Segment Start: Extracted entries

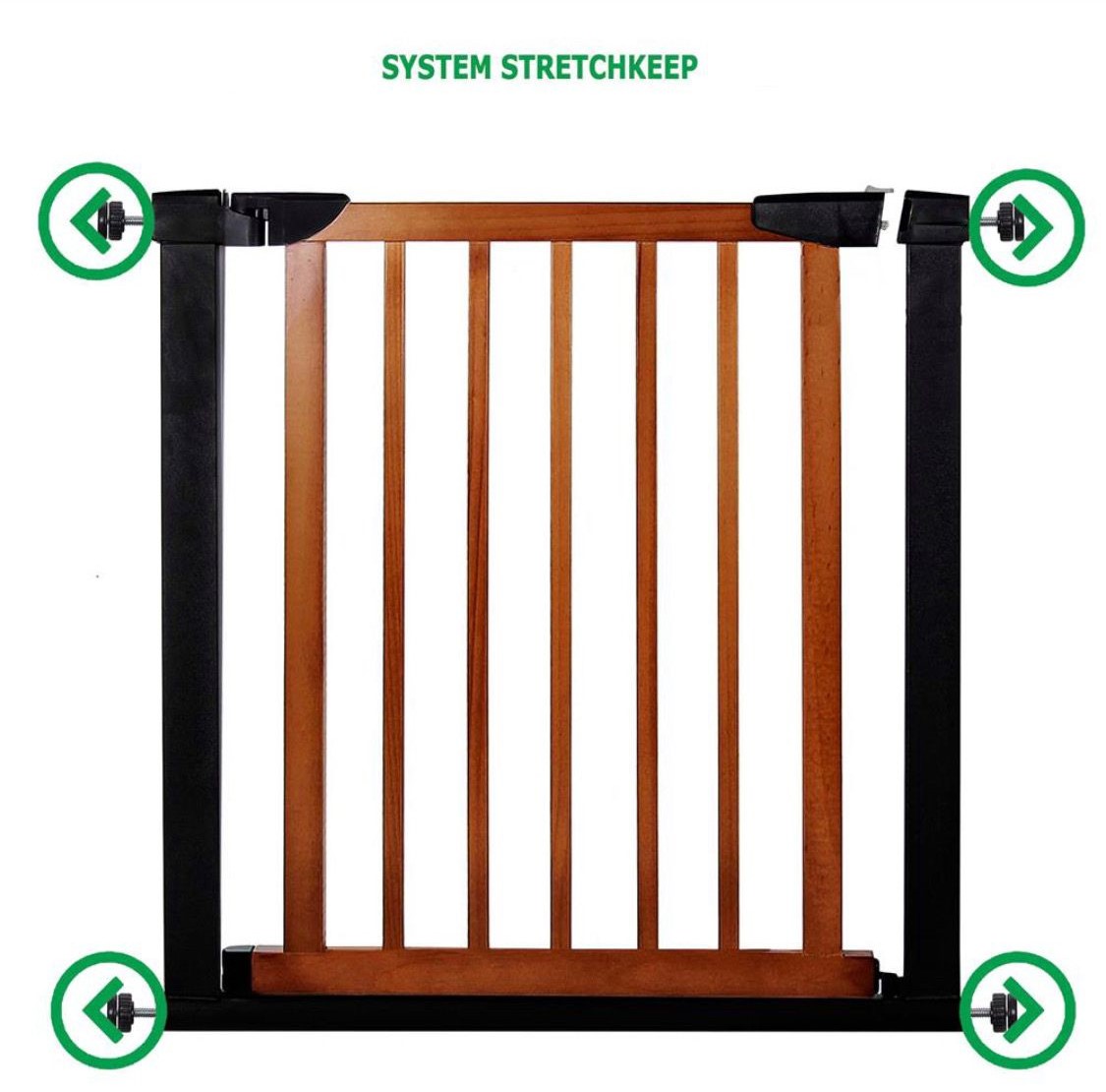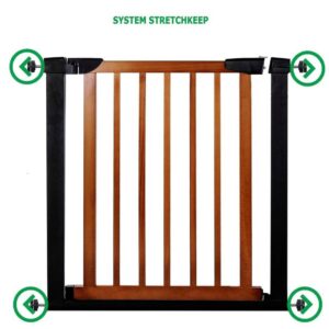 Poarta este sigura si solida pentru copii sau pentru animale de talie mica si medie. Poarta poate separa anumite zone din casa care sunt periculoase pentru copiii nostri. Protejeaza scarile sau usile de intrarea necontrolata a copiilor. Poarta este fixata cu ajutorul unor suruburi speciale, ceea ce face ca montarea si demontarea sa fie extrem de rapida si usoara. Reglarea permite ca poarta sa fie montata intre cadrele usilor cu latimea de 75-124cm.
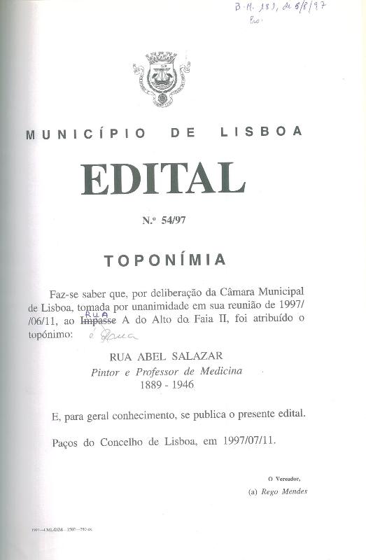 Historial: O topónimo Rua Abel Salazar foi atribuído pela Câmara Municipal de Lisboa, através de Deliberação Camarária de 11/06/1997 e Edital de 11/07/1997, ao arruamento com a denominação provisória de Rua “A”, do Alto da Faia II.
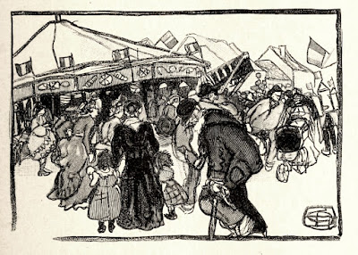 Les couples tournoyaient. Chaque fois qu'ils passaient dans le rais de soleil, une lueur jaune illuminait les visages, enveloppait les vestes et les robes qui ensuite s'obscurcissaient dans la pénombre. Des sourires, immobiles crevaient la face béate des filles. Les garçons, sérieux, les yeux baissés, semblaient 'se livrer à un devoir de profession. Quelques-uns, demi-gris, cramponnés à leurs danseuses et les entourant de toute la largeur de leurs bras, mettaient leur gloire à sauter très haut en frappant fortement leurs pieds à terre.
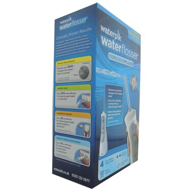 Waterpik Water Flosser provides a unique combination of water pressure and pulsations to clean deep between teeth and below the gum line, removing harmful bacteria and debris that traditional brushing and flossing can't reach. It also massages and stimulates gums for enhanced circulation.
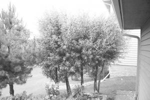 Then last winter, I cut off nearly all the branches, leaving only the thickening trunks. This spring, the trees burst out all over like Chia pets, filling in more thickly than ever and giving us the privacy screen we wanted.

Segment End: Extracted entries

[Work to complete] I need the lines from the line holding "Historial: O topónimo" through the end of the material, inclusive, restated word for word and without pictures.

[Your response]
 Historial: O topónimo Rua Abel Salazar foi atribuído pela Câmara Municipal de Lisboa, através de Deliberação Camarária de 11/06/1997 e Edital de 11/07/1997, ao arruamento com a denominação provisória de Rua “A”, do Alto da Faia II.
 Les couples tournoyaient. Chaque fois qu'ils passaient dans le rais de soleil, une lueur jaune illuminait les visages, enveloppait les vestes et les robes qui ensuite s'obscurcissaient dans la pénombre. Des sourires, immobiles crevaient la face béate des filles. Les garçons, sérieux, les yeux baissés, semblaient 'se livrer à un devoir de profession. Quelques-uns, demi-gris, cramponnés à leurs danseuses et les entourant de toute la largeur de leurs bras, mettaient leur gloire à sauter très haut en frappant fortement leurs pieds à terre.
 Waterpik Water Flosser provides a unique combination of water pressure and pulsations to clean deep between teeth and below the gum line, removing harmful bacteria and debris that traditional brushing and flossing can't reach. It also massages and stimulates gums for enhanced circulation.
 Then last winter, I cut off nearly all the branches, leaving only the thickening trunks. This spring, the trees burst out all over like Chia pets, filling in more thickly than ever and giving us the privacy screen we wanted.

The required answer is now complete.